• **Records provided**
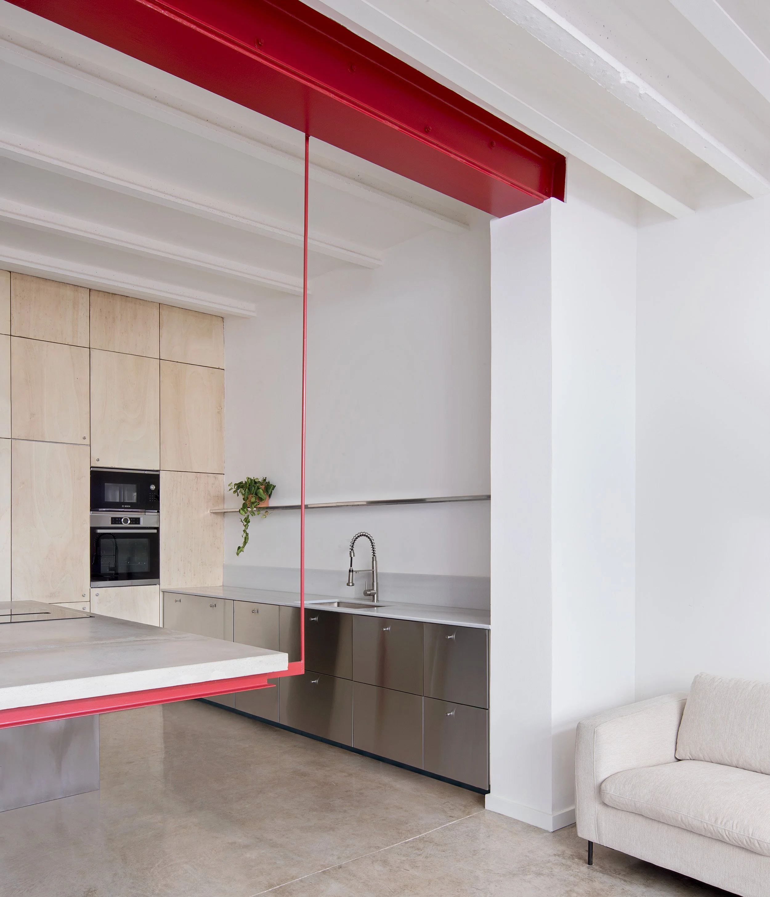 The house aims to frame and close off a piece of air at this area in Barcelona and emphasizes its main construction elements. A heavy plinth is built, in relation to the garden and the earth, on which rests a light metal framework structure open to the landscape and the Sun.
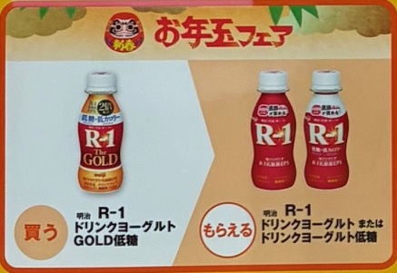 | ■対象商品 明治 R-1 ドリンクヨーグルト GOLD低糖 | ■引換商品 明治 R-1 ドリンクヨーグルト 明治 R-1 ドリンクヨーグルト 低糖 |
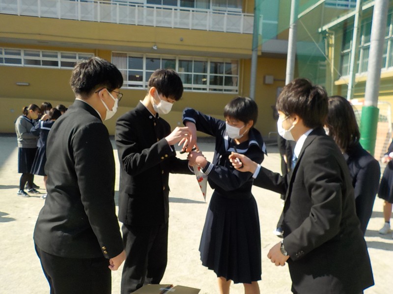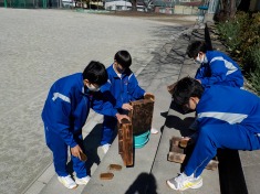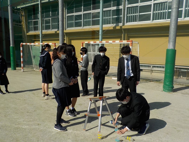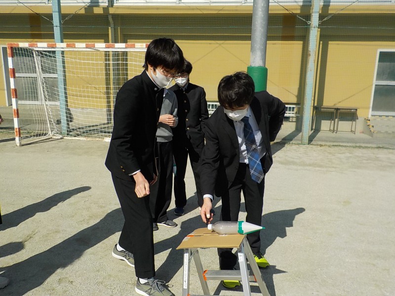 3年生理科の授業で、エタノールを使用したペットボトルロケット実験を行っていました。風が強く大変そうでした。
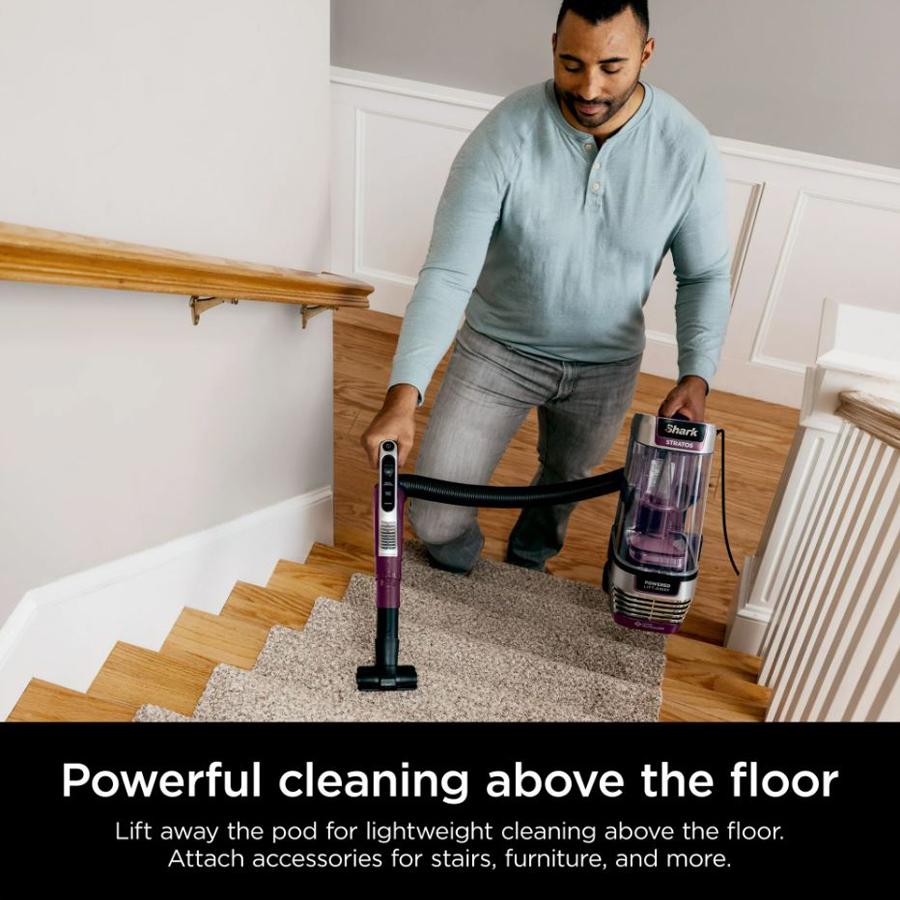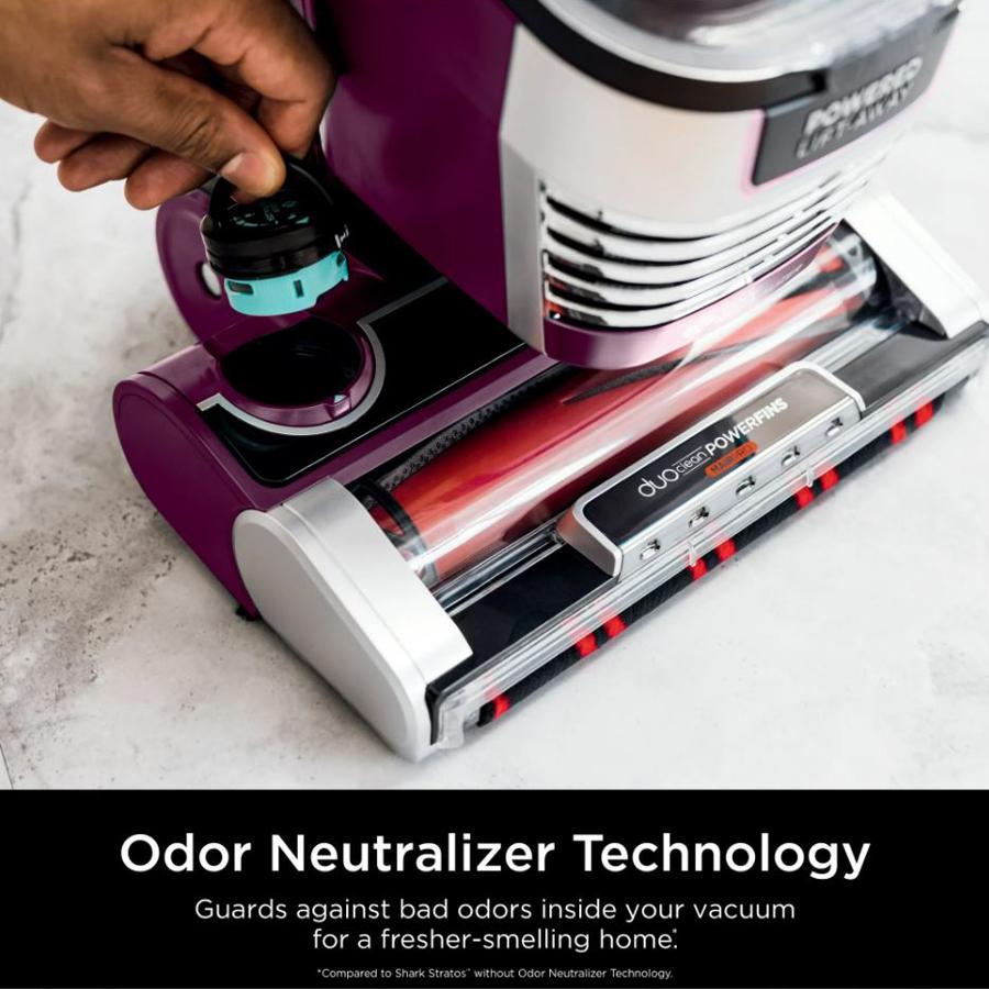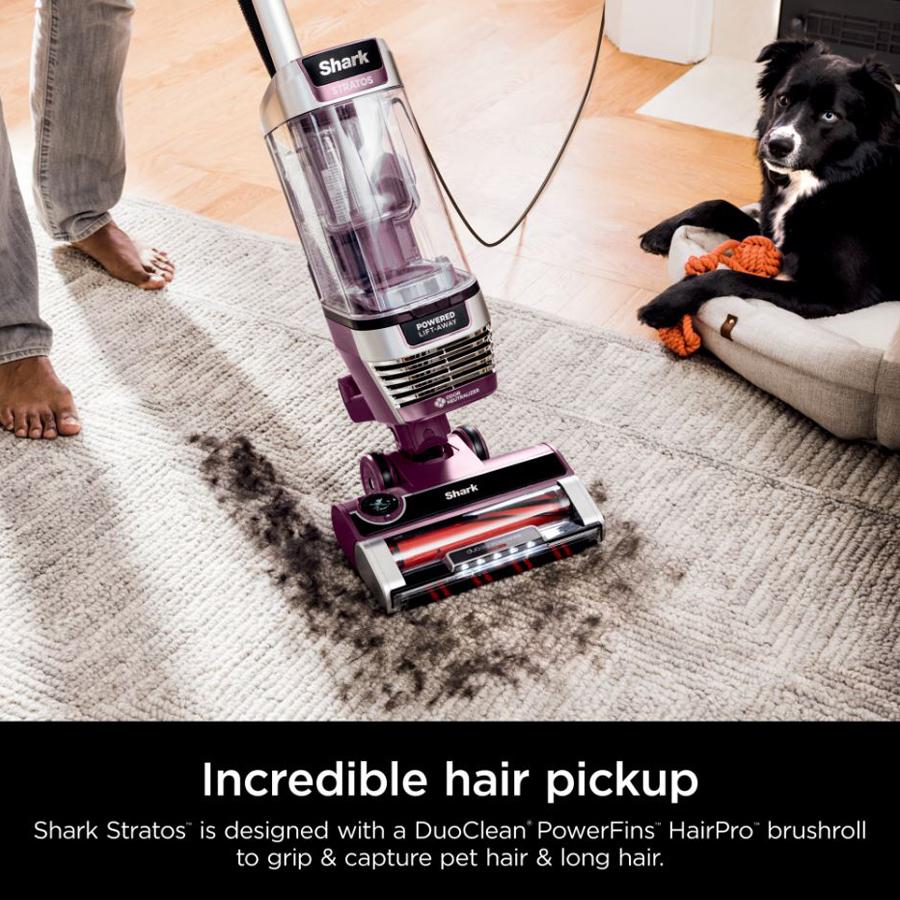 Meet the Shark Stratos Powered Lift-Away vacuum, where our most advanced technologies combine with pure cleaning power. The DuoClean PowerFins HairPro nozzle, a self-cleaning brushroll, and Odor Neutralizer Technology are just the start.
==
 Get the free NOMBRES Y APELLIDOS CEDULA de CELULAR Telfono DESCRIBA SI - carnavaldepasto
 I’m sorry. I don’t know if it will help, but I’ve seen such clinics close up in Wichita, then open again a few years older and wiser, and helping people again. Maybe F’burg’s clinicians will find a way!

• **Try it**
Of the lines above, copy only those from the one holding "ドリンクヨーグルト 低糖 |" to the one holding "Meet the Shark", both included, and exclude every image.

• **Answer to the exercise**
 | ■対象商品 明治 R-1 ドリンクヨーグルト GOLD低糖 | ■引換商品 明治 R-1 ドリンクヨーグルト 明治 R-1 ドリンクヨーグルト 低糖 |
 3年生理科の授業で、エタノールを使用したペットボトルロケット実験を行っていました。風が強く大変そうでした。
 Meet the Shark Stratos Powered Lift-Away vacuum, where our most advanced technologies combine with pure cleaning power. The DuoClean PowerFins HairPro nozzle, a self-cleaning brushroll, and Odor Neutralizer Technology are just the start.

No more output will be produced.